Business Law by Tom Ramsey
January 29th, 2013 – California courts recognize the power of adjacent landowners to mutually agree on an uncertain common boundary. Such an agreement is binding on their successors-in-interest. However, the availability of this process is rather limited.
Inasmuch as the effect of establishment of title to land by agreed boundary is rather far-reaching, before it can be utilized the following must exist. First, there must be a true uncertainty concerning the boundary. Second, an actual agreement between the owners concerning the uncertain boundary must have actually been entered into. Finally, acceptance and acquiescence in the boundary so established must have existed at least until the first date on which the statute of limitations would prevent a challenge to the agreement, or under such circumstances that substantial loss would be caused by another change in the boundary.
In applying these requirements, the courts have held that the doctrine should not be applied when the true boundary is ascertainable from legal descriptions set forth in an existing recorded deed or by a recorded survey. Additionally, it should not be applied where there is no evidence that the neighboring owners actually entered into an agreement to resolve a bona fide boundary dispute.
An illustration of the limits on the applicability of this concept is found in a recent Court of Appeal case.
The Martins and another owned a 240-acre parcel of land in Paso Robles. It is improved with a residence and a vineyard. A contiguous parcel consisting of a residence and an almond orchard is owned by Van Bergen and another. The common boundary between the parcels is about 1,300 feet long. A fence runs parallel to a portion of the boundary.
The known history of the two parcels dates back to 1947, the year that the predecessors-in-interest of the Van Bergen parcel planted the almond trees. An existing fence in the area replaced an earlier one. Both fences were at the same location. At that time, both property owners assumed that the fence marked the boundary. Apparently the trees were planted only on the Van Bergen side of the fence. Until the present owners took title, there was no dispute concerning the location of the common boundary: Everyone believed it was marked by the fence.
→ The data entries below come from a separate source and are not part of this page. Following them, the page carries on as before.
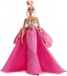 Scopri l'eleganza a prima vista: un abito da sera rosa abbagliante con ricco strascico, corsetto impreziosito da pietre in tono dorato e styling moderno con occhiali rosa donano alla bambola un look iconico. Make-up preciso, accessori curati e la possibilità di posizionamento esaltano ogni dettaglio di stile.
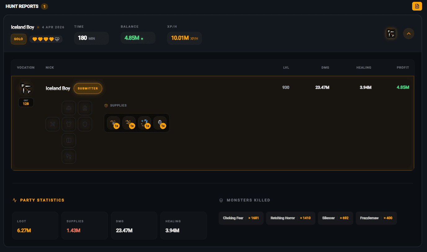 We're excited to introduce a brand new feature — Hunt Reports! Every logged-in user with a linked Tibia character can now submit their own hunt session data directly on any spawn page. Your reports help us continuously improve the quality of data we provide — and once reviewed by an admin, they become publicly visible to the entire community!
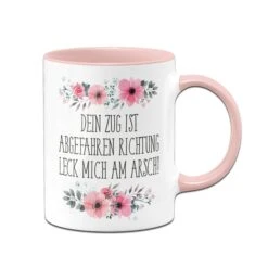 Blümchen-Tasse 🌸 mit Spruch: Dein Zug ist abgefahren Richtung leck mich am Arsch!
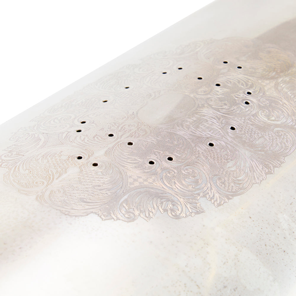 Details: Vintage mirror with brushed aluminum frame and built in semi-circle shelf. Dimensions: 46" H x 24" W x 6" D
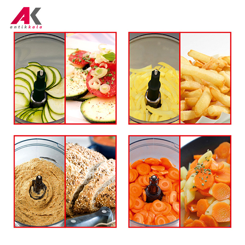 قابلیت خرد کردن میوه و سبزیجات و پیاز، پنیر، گوشت، تهیه انواع خمیرها، تهیه انواع نوشیدنی، میلک شیک، بستنی، غذای کودک، سوپ، سس ها در کمترین زمان |
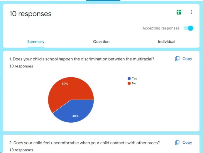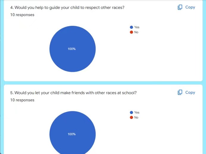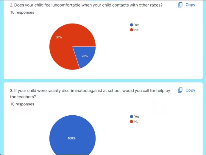 According to my collected data, the activity had been participated by 10 respondents. The result from the first question is 6 out of 10 parents state that their child’s school had happened the discrimination between the multiracial. The second question is 8 out of 10 parents mention that their child haven’t feel uncomfortable when contact with other races. Thirdly, 10 out of 10 parents had stated that they will call for help by the teachers if their children were racially discriminated against at school. Fourthly, 10 out of 10 parents had mentioned that they will guide their children to respect other races. Fifthly, 10 out of 10 parents also let their children to make friends with other races at school. In the question of number 6, 10 out of 10 parents had stated that different races can study in the same school. In the question of number 7, 9 out of 10 parents had mentioned that their child’s school has celebrate festivals of different races. In the question of number 8, 6 out of 10 parents had stated that their workplace had happened racial discrimination in their previous experience. In the question of number 9, 9 out of 10 parents will try to stop when their colleagues are discriminated against other races. In the last question, 5 out of 5 parents stated that their boss treats different races fairly while another 5 parents stated that their boss will not treat fairly among different races in the workplace.
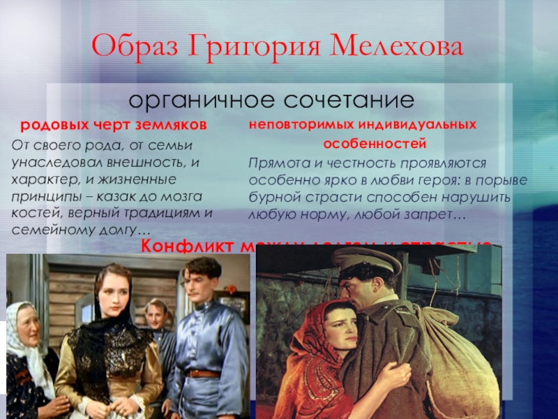 Истоки трагедии Григория кроются не только в его заблуждениях. Тяжкая вина ложится и на историческую эпоху, пробудившую в человеке самые низменные инстинкты, жестокость и фанатизм (эпоха требует от него отказаться от самого себя, от самого ценного и святого, что есть в нём как в сыне «тихого Дона»).
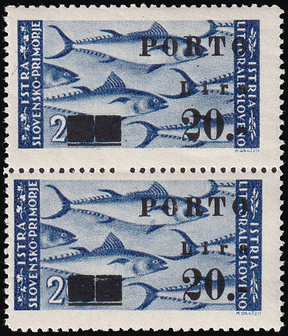 - Peto porto izdanje pretisak 20/20 lira okomiti par od kojeg je gornja marka sa slikom manjeg formata.
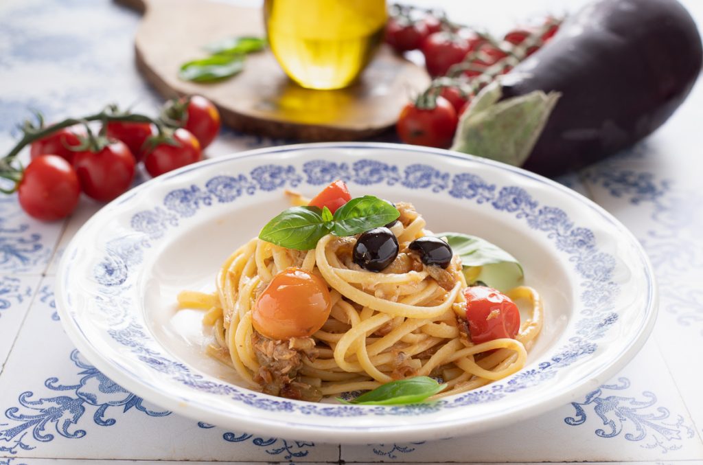 Zutaten für Pasta mit Auberginen, Thunfisch und Kirschtomaten
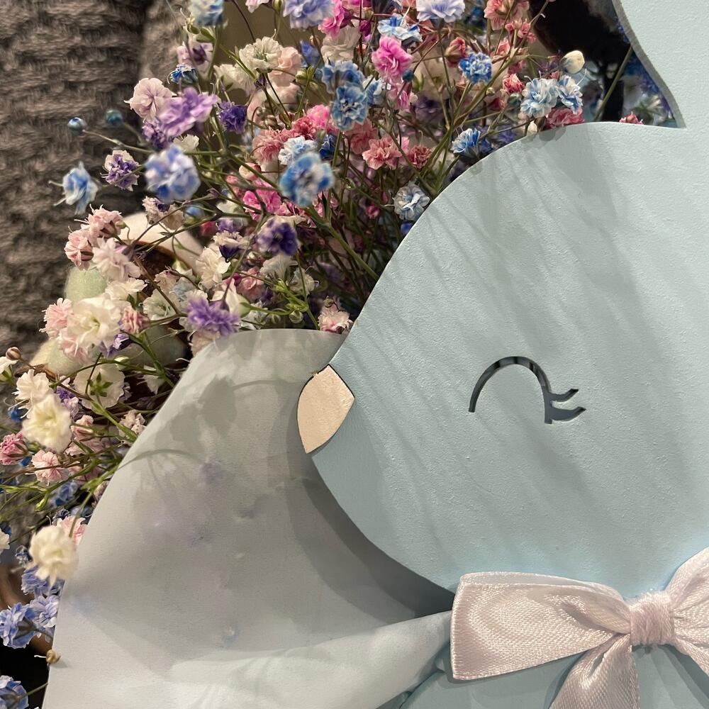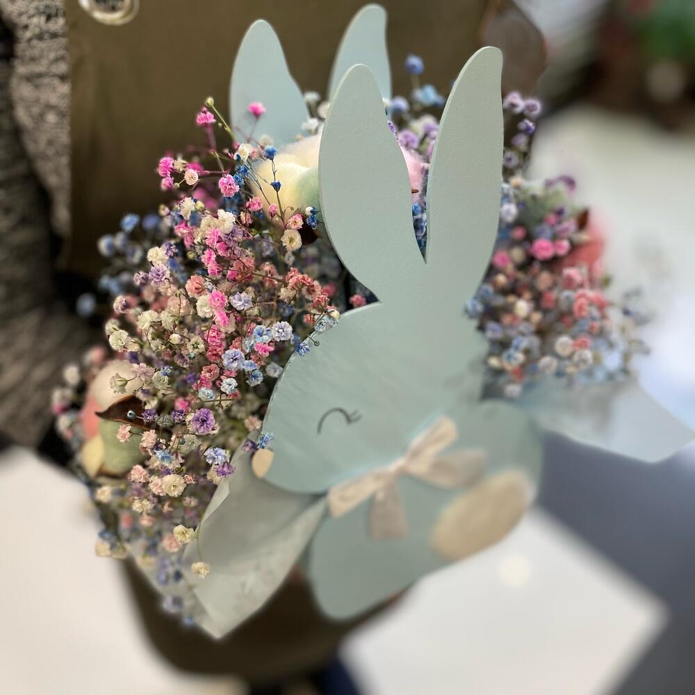 Гипсофила – 5 шт.Пленка матовая – 1 шт.Губка флористическая – 1 шт.хлопок цветной – 3 шт.ящик для цветов кролик – 1 шт.

In 2005, three surveys were performed to establish the boundary. Two surveys concluded that the existing fence did not define any of the common boundary. In fact, the common boundary established by the two surveys resulted in a portion of Van Bergen’s orchard encroaching on Martins’ property. A third survey came to a different conclusion. Each survey was recorded in the office of the San Luis Obispo County Recorder.
The Martins initiated a lawsuit to quiet title to that portion of the property which had been assumed to belong to Van Bergen but which the surveys showed as being owned by the Martins. Van Bergen argued that the assumed boundary, marked in part by the old fence, should be honored because it was based on an agreement between the two property owners. The trial court concluded that the doctrine of boundary by agreement did not apply. It found that the two recorded surveys with similar findings established the true boundary and that the third survey was in error. In effect, the trial court finding in favor of the Martins was based on the boundary established by the two recorded surveys.
The Court of Appeal found that the process of establishing a boundary by agreement cannot be applied here.
First, there was no uncertainty about the common border. The predecessors-in-interest of both property owners agreed that the boundary was evidenced by the initial fence and its replacement. In this setting, there could not have been any agreement resolving any uncertainty concerning the location of the boundary.
Second, two recorded surveys accurately established the boundary.
The judgment of the trial court was affirmed.
The case was decided in 2012. It is entitled Martin v. Van Bergen.